More tips at: http://betcash.pl/


----------



## Betting Forum (Jan 15, 2010)

Just a tip, we allow signature links, if they are not batantly advertising of course. You can post your picks in the football forums and put your link in signature, you might get more clicks.

best regards


----------



## Sandman (Jan 15, 2010)

Ok, I can do that  I just hope that it won't be a problem if post something here as well, from time to time. Just to keep topic alive


----------



## Betting Forum (Jan 15, 2010)

Its not a problem, thats why its called advertising forum


----------



## okosh (Jan 16, 2010)

Sandman said:
			
		

> Ok, I can do that  I just hope that it won't be a problem if post something here as well, from time to time. Just to keep topic alive



Welcome to the forum Sandman....Are you aware that the link you have posted does not work??...


----------



## Betting Forum (Jan 16, 2010)

okosh said:
			
		

> Sandman said:
> 
> 
> 
> ...




It works for me right now


----------



## okosh (Jan 16, 2010)

admin said:
			
		

> It works for me right now



Not for but I will try again later....


----------



## Sandman (Jan 16, 2010)

okosh said:
			
		

> Welcome to the forum Sandman....Are you aware that the link you have posted does not work??...



Hello 
Link should be working.

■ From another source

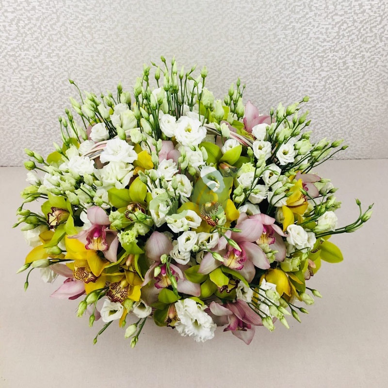 Настоящий цветник в корзине – это композиция “Орхидея и эустома”. Таким шикарным подарком можно сразить самую озорную красавицу. Редкие, экзотические цветы не могут не вызвать радость у той, которую вы любите.

If you will be having any more problems PM me or post info here - i'll investigate


----------



## Sandman (Jan 19, 2010)

Marco Fu v Stephen Hendry (snooker)
Pick: 1
Odds: 1.72 (bet365)

More tips at: http://betcash.pl/


----------



## Sandman (Jan 21, 2010)

Sandman said:
			
		

> Marco Fu v Stephen Hendry (snooker)
> Pick: 1
> Odds: 1.72 (bet365)



*SJ Sharks v ANA Ducks*
Pick: 1 (moneyline)
Odds: 1,43 (bet365)

More tips at: http://betcash.pl/


----------



## Sandman (Jan 23, 2010)

Sandman said:
			
		

> *SJ Sharks v ANA Ducks*
> Pick: 1 (moneyline)
> Odds: 1,43 (bet365)
> 
> More tips at: http://betcash.pl/


----------



## Sandman (Jan 23, 2010)

T.N.S. v Port Talbot (Wales Premier)
Pick: 1
Odds: 1.50 (bet365)

More tips at: http://betcash.pl/
System picks at: http://betcash.pl/system-betcash/systemowe-typy (register fo FREE to view it)


----------



## Sandman (Jan 24, 2010)

Sandman said:
			
		

> T.N.S. v Port Talbot (Wales Premier)
> Pick: 1
> Odds: 1.50 (bet365)



More tips at: http://betcash.pl/
System picks at: http://betcash.pl/system-betcash/systemowe-typy (register fo FREE to view it)


----------



## Sandman (Jan 24, 2010)

*Slovenia v Czech Republic*
Pick: 1
Odds: 1.57 (bet365)


----------



## Sandman (Jan 24, 2010)

Sandman said:
			
		

> *Slovenia v Czech Republic*
> Pick: 1
> Odds: 1.57 (bet365)



More tips at: http://betcash.pl/


----------



## Sandman (Jan 28, 2010)

*PIT Penguins v OTT Senators*
Pick: 1 (moneyline)
Odds: 1.58 (bet365)

More tips at: http://betcash.pl/


----------



## Sandman (Jan 31, 2010)

*France v Croatia*
Pick: 1
Odds: 1.55 (bet365)

Stats so far for 2010:
*47W
18L
+19,36 units
16,26 yield *


----------



## Sandman (Jan 31, 2010)

Sandman said:
			
		

> *France v Croatia*
> Pick: 1
> Odds: 1.55 (bet365)



More tips at: http://betcash.pl/


----------



## Sandman (Feb 2, 2010)

*Eastleigh v Weymouth*
Pick: 1
Odds: 1,44 (bet365)

More tips at: http://betcash.pl/


----------



## Sandman (Feb 4, 2010)

Sandman said:
			
		

> *Eastleigh v Weymouth*
> Pick: 1
> Odds: 1,44 (bet365)



Game result: 4:0

More tips at: http://betcash.pl/


----------



## Sandman (Feb 4, 2010)

*Cape Cobras vs Lions (cricket)* 
Pick: 1
Odds: 1.50 (bet365)

More tips at: http://betcash.pl/


----------



## Sandman (Feb 7, 2010)

Sandman said:
			
		

> *Cape Cobras vs Lions (cricket)*
> Pick: 1
> Odds: 1.50 (bet365)


----------



## Sandman (Feb 7, 2010)

*New Zealand vs Bangladesh*
Team To Make Highest 1st 15 Overs Score
Pick: New Zealand
Odds: 1.44 (Bet365)

More tips at: http://betcash.pl/


----------



## Sandman (Feb 8, 2010)

Sandman said:
			
		

> *New Zealand vs Bangladesh*
> Team To Make Highest 1st 15 Overs Score
> Pick: New Zealand
> Odds: 1.44 (Bet365)
> ...


----------



## Sandman (Feb 9, 2010)

Cardiff v Peterborough
Pick: 1
Odds: 1.53 (bet365)

More tips at: http://betcash.pl/


----------



## Sandman (Feb 11, 2010)

Sandman said:
			
		

> Cardiff v Peterborough
> Pick: 1
> Odds: 1.53 (bet365)
> 
> More tips at: http://betcash.pl/


----------



## Sandman (Feb 11, 2010)

* Odder Håndbold vs Skanderborg*
Pick: 1
Odds: 1.50 (bet365)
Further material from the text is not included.